On 28 Jul 2021, at 18:19, Ruben ON3RVH via 44Net
<44net(a)mailman.ampr.org> wrote:
You keep mentioning “ We have a large number of users that agree with this statement and
they want this private use case supported.” but no one was asked, there was no poll, no
onquiry,.. so how did you get the information that a large portion of users only want an
intranet?
We have approached a lot of the HAMNET communities and asked them if they want to be
routable on the Internet, and they said no. We have also reached out to communities in the
U.S. that have explained similar interest, or are doing this today already.
Everyone I talk to, everyone that wants an allocation
here in Belgium wants it to be publicly routable. Because that is what public ip space is
designed for.
I think that IPv4 space was designed before NAT existed. So it was actually designed with
this use case in mind: everything has a Global Unicast IPv4 address, and everything can
communicate with everything else, end to end.
But I am trying to understand: if we give you publicly routable IPv4, what is the problem
with other people getting non-publicly routable IPv4? We can foresee that we will be able
to accommodate all your current and future requests. Why is it a problem that some other
people need it for a different reason? I am really trying to understand from all these
e-mails what else we would do with the space..
Intranets should stick to rfc1918 adresses. There is
no need for an overlap, an isp will most likely give out ip’s in the 192.168 range. I know
of no ISP that gives out ip’s in the 10 range (agreed, I don’t know every isp) but even if
they used those ip’s on their wan side that would not conflict as the ham intranet would
be routed over a different or tunnel interface and should - never ever - be routed through
or by an isp router.
But still, what services do the current intranets offer that should be kept offline from
the public internet? And even then, it is easy to filter those ranges at the border.
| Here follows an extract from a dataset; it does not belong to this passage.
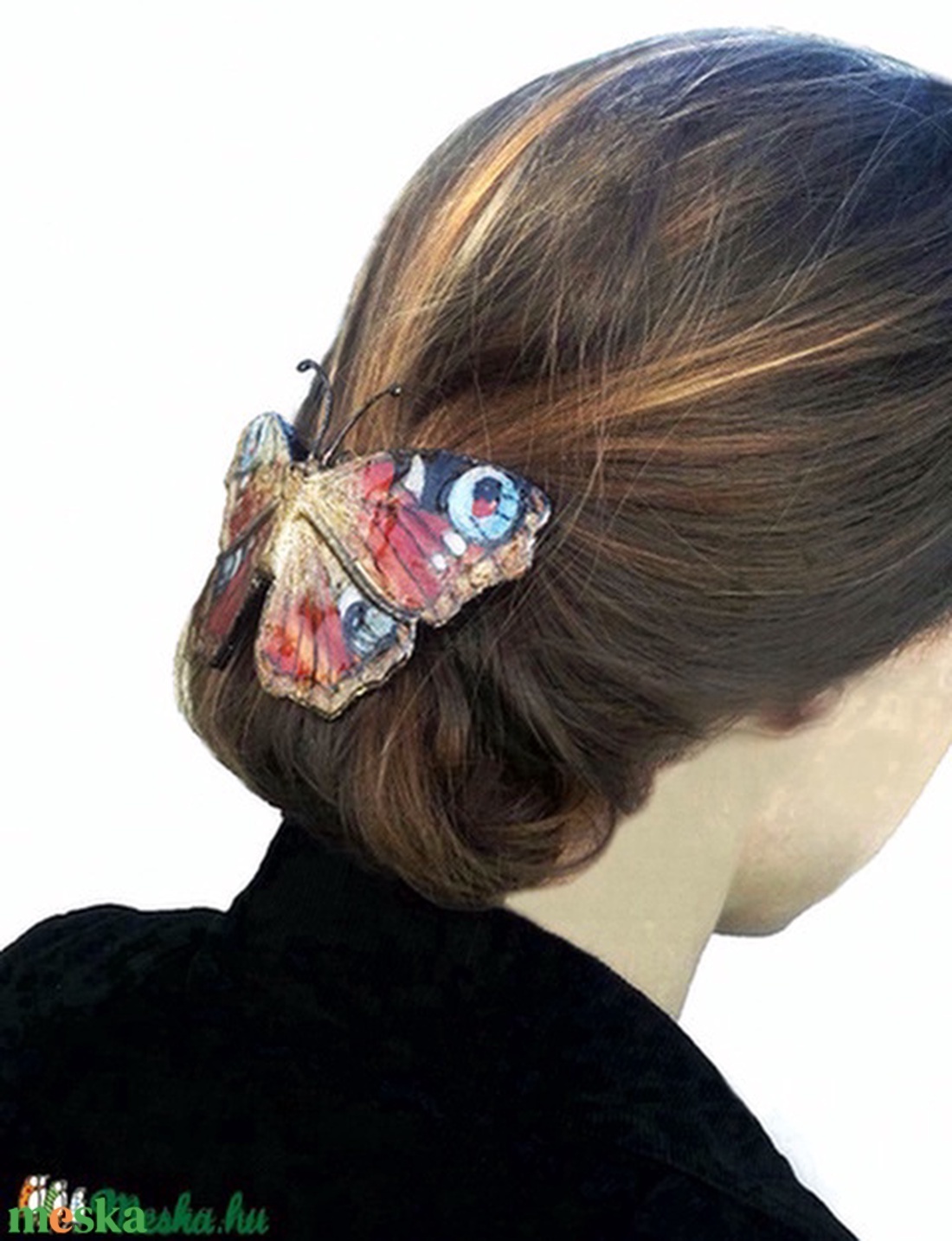 Francia hajcsat: Kézzel festett Pápaszemes lepke tiffanyból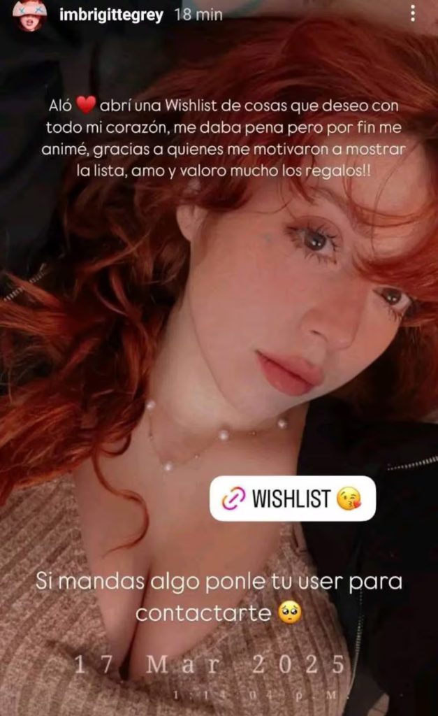En sus historias de Instagram, Grey explicó que había creado la lista con cosas que desea “con todo su corazón” y agradeció a quienes la motivaron a compartirla. “Abrí una wishlist con cosas que deseo con todo mi corazón, me daba pena, pero por fin me animé. Gracias a quienes me motivaron a mostrar la lista, ¡Amo y valoro mucho los regalos! Si mandas algo, ponle tu user para contactarte”, escribió la influencer, quien cuenta con más de 525 mil seguidores.

Well, the idea is that you will be able to filter them from now on! Only accept 44.128/10
:)
You can never be sure with RFC1918 addresses because everyone can use them. A lot of ISPs
assign addresses from 10/8 to their customers, and then do NAT behind a single IP address
of hundreds or thousands of customers. So suddenly you have to renumber any ham radio
network that falls in the same subnet. VMWare may decide to assign VMs on computers 10/8
addresses (I think they do). Will you then renumber these people as well so people can run
VMware on computers that are part of this network? And then what if I want to run Docker?
It also uses parts of this space, too. Maybe my corporate VPN also uses 10/8. Will we
renumber every user every time some entity on the Internet decides to use 10/8?
That’s the reason we need global uniqueness and guarantee of non-overlapping addresses.
There’s nothing technical preventing anyone for using 44.128/10 as an Intranet, and it’s
the only reason we know to guarantee this uniqueness.